Find the least number $ c$ satisfyng the condition $\sum_{i=1}^n {x_i}^2\leq cn$ and all real numbers $x_1,x_2,...,x_n$ are greater than or equal to $-1$ such that $\sum_{i=1}^n {x_i}^3=0$
Problem
Source: Romanian TST 2018 Day 1 Problem 1
Tags: inequalities, n-variable inequality
25.05.2020 18:53
The answer is $\boxed{c = \frac{4}{3}}$. To see this, take $n$ divisible by $9$, where $\frac{8}{9}$ of the numbers are $-1$ and the remainings are $2$. Otherwise, the inequality is strict. Now, notice that \[ \sum_{k = 1}^n (x_k + 1)(x_k - 2)^2 \ge 0 \Rightarrow \sum_{k = 1}^n 3x_k^2 \le \sum_{k = 1}^n x_k^3 + 4 = 4n \]This proves $\sum_{k = 1}^n x_k^2 \le \frac{4}{3} n$, which is what we wanted.
07.11.2022 17:18
Here is braindead calculus bash Define functions $g:\mathbb{R}^n\rightarrow \mathbb{R}^n, f: A \rightarrow \mathbb{R}^n$ where $g(x_i)= \sum_{i=1}^n x^3_i ,A=\{\mathbb{R} \ni x_1,x_2,...,x_n \ge -1| g(x_i)=0 \}$, $f(x_i)= \sum_{i=1}^n x_i^2$. Note that the set $A$ is closed and bounded ( it is easy to prove it is bounded above by $\sqrt[3]{n-1}$), hence it is compact. Since $f,g$ are continous ( and their first derivatives), then we know that $f$ has global maximum. We have cases that some components lies on boundary or none of them lies.
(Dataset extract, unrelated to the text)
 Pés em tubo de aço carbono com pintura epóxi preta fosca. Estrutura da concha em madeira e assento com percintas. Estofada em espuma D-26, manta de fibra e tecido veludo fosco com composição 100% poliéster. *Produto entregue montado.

If none of them lies by lagrange method we have $$\frac{1}{|x_1|}=\frac{1}{|x_2|}=...=\frac{1}{|x_n|} \Leftrightarrow x_1^2=x_2^2=...=x_n^2$$If one of the components is zero, then all of them are, whcih gives $f(x)=0 $ which does not help that much, hence assume none of them is $0$ If $n$ is odd, we can't achieve the equality, if $n$ is even, we have $f(x)= nx^2$ If one of the components lies on upper bound, which is $ \sqrt[3]{n-1}$, then other components are $-1$, giving $f(x)= n-1+ \sqrt[3]{n-1}$ If some of the components, say $m$ of them , equals to $-1$, then we can define new functions with degree $n-m$ and reapply things to get that the last components are equal. Then we have equation $$-m+(n-m)y^3=0 \Rightarrow y= \sqrt[3]{\frac{m}{n-m}}$$and we want to maximize $$m+(n-m)y^2= m+ \sqrt[3]{m^2(n-m)}$$Fix $n$, take derivative on $m$ ( real pain), we must have $\frac{(2 n - 3 m) m + 3 ((n - m) m^2)^{2/3}}{3 ((n - m) m^2)^{2/3}}=0$ Overall, before even starting to solve the problem, one may notice the $8/9$ times $ -1$ stuff , hence taking $\boxed{m= \frac{8n}{9}}$, we can see our expression becomes $0$, and it is easy to prove there are no other $0$ root by quadratic calculations, Calculating gives $y=2$. Now, we can check all the values we got and choose the biggest one, which is the latter one, calculating boils down to $\boxed{c= \frac{4}{3}}$, hence we are done!